|}

The Eclipse Stakes is a Group 1 flat horse race in Great Britain open to horses aged three years or older. It is run at Sandown Park over a distance of 1 mile, 1 furlong and 209 yards (2,002 metres), and it is scheduled to take place each year in early July.

History
The event is named after Eclipse, a celebrated 18th-century racehorse. It was established in 1886, and the inaugural running was won by Bendigo. At that time, it was Britain's richest ever race. The prize fund of £10,000 was donated by Leopold de Rothschild at the request of General Owen Williams, a co-founder of Sandown Park.

The Eclipse Stakes was contested by high-quality fields from its inception. It was won by Ayrshire, the previous year's Derby winner, in 1889. The first three finishers in 1903 — Ard Patrick, Sceptre and Rock Sand — had won seven Classics between them.

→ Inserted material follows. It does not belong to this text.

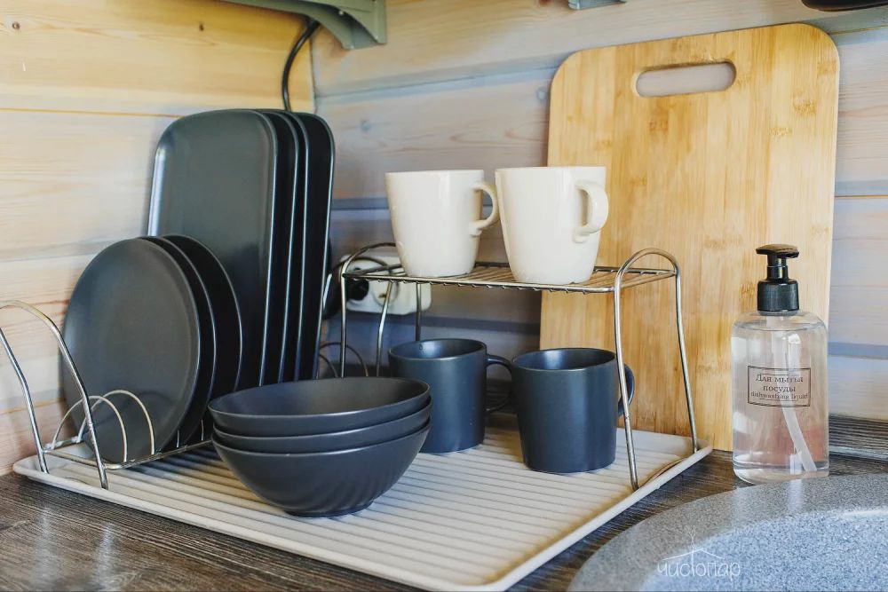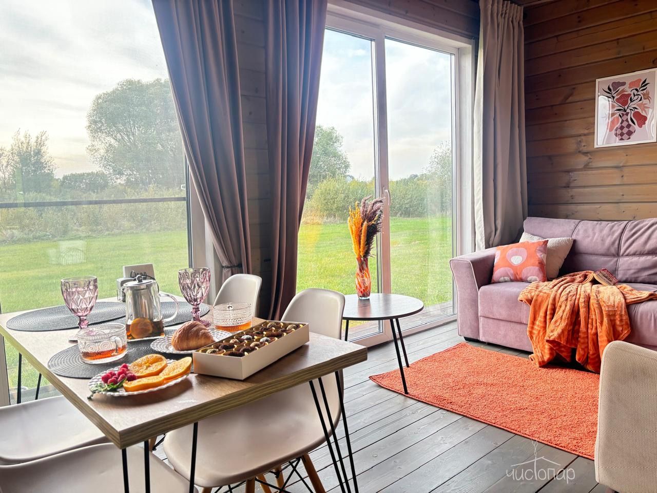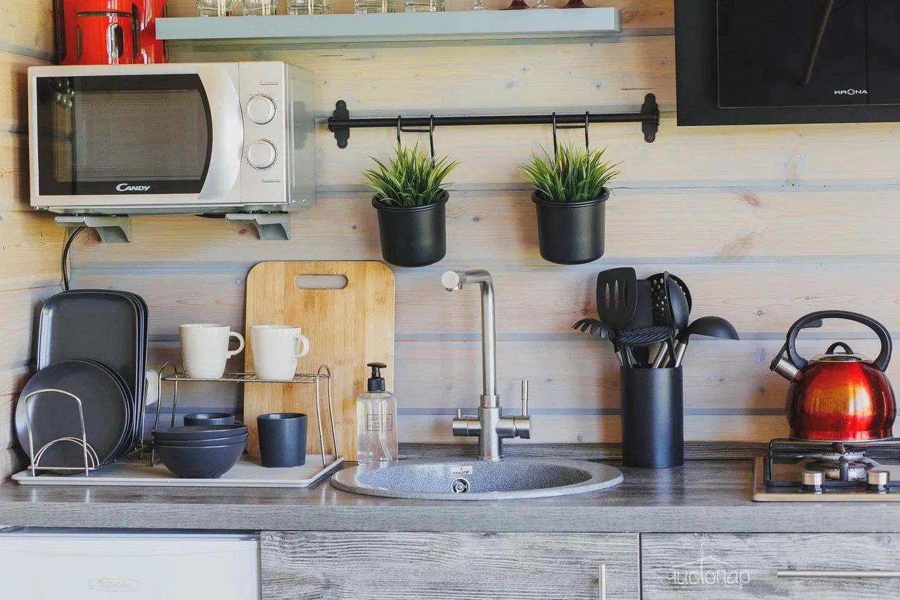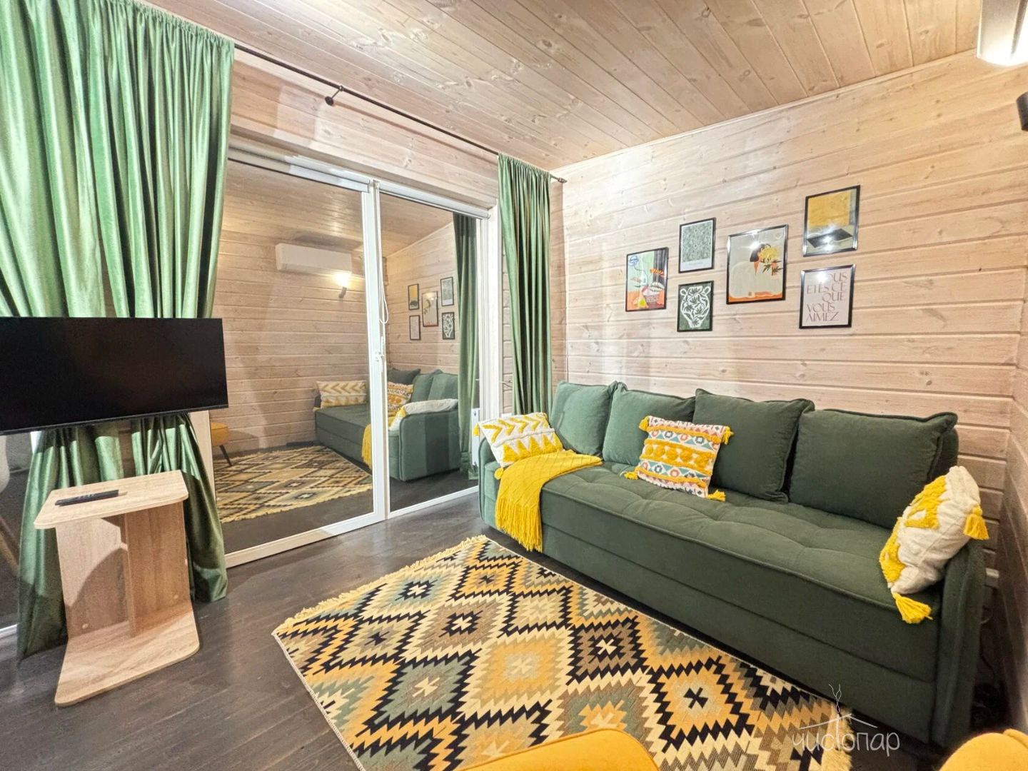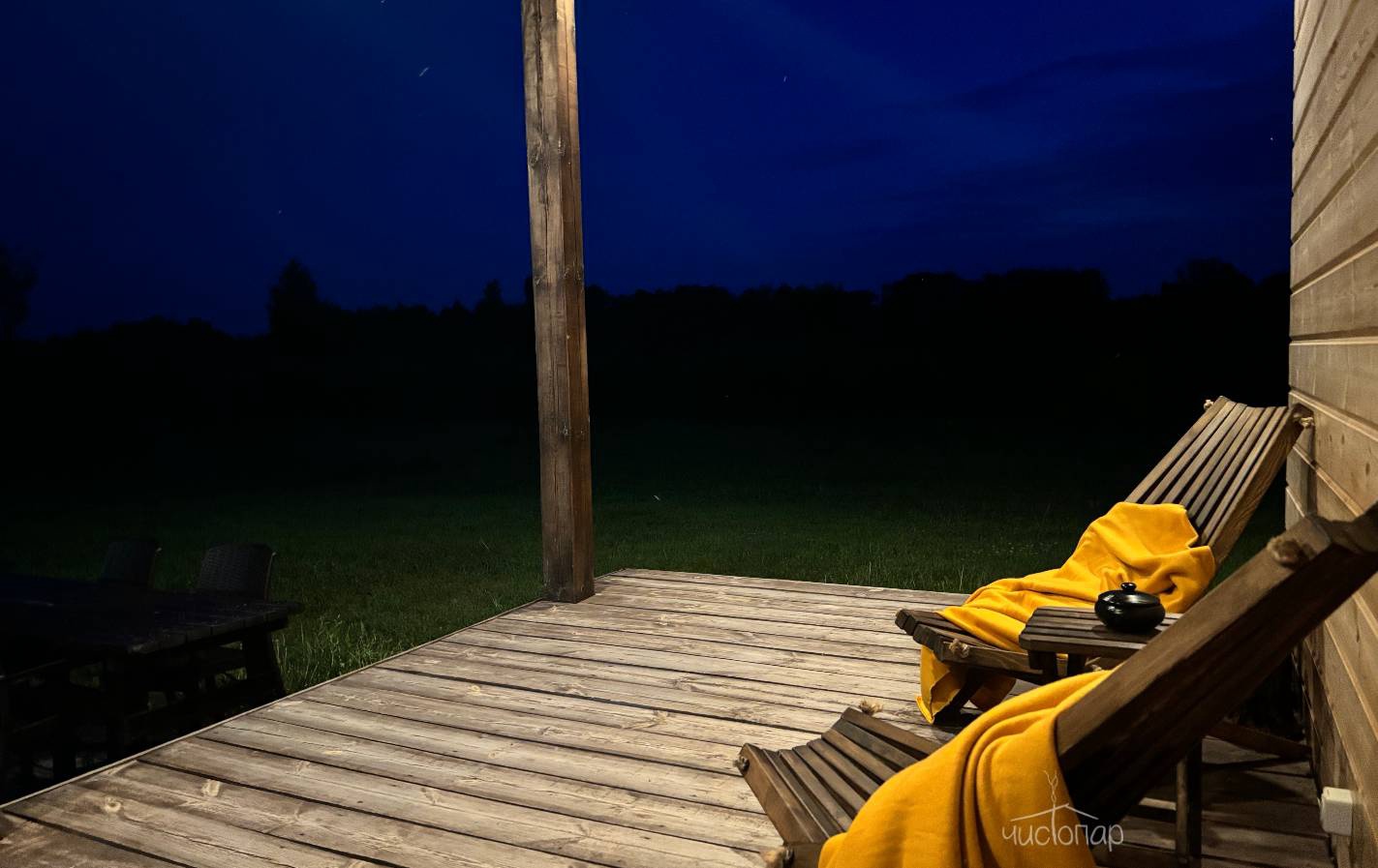 Для проживания предоставлены 4 домика с панорамными окнами, площадью 50 кв.м каждый. Каждый домик имеет спальню, кухню-гостиную, ванную комнату, прихожую и крытую веранду, что позволяет разместить до 4 человек.

The race has been sponsored by Coral since 1976, and it is now familiarly known as the "Coral-Eclipse". The most recent Classic winner to achieve victory was Vadeni, the Prix du Jockey Club winner, in 2022.

Records
Most successful horse (2 wins):
 Orme – 1892, 1893
 Buchan – 1919, 1920
 Polyphontes – 1924, 1925
 Mtoto – 1987, 1988
 Halling – 1995, 1996

Leading jockey (7 wins):
 Lester Piggott – Mystery IX (1951), Darius (1955), Arctic Explorer (1957), St Paddy (1961), Pieces of Eight (1966), Wolver Hollow (1969), Artaius (1977)

Leading trainer (6 wins):
 Alec Taylor, Jr. – Bayardo (1909), Lemberg (1910, dead-heat), Buchan (1919, 1920), Craig an Eran (1921), Saltash (1923)
 Sir Michael Stoute - Opera House (1993), Ezzoud (1994), Pilsudski (1996), Medicean (2001), Notnowcato (2007), Ulysses (2017)
 Aidan O'Brien - Giant's Causeway (2000), Hawk Wing (2002), Oratorio (2005), Mount Nelson (2008), So You Think (2011), St Mark's Basilica (2021)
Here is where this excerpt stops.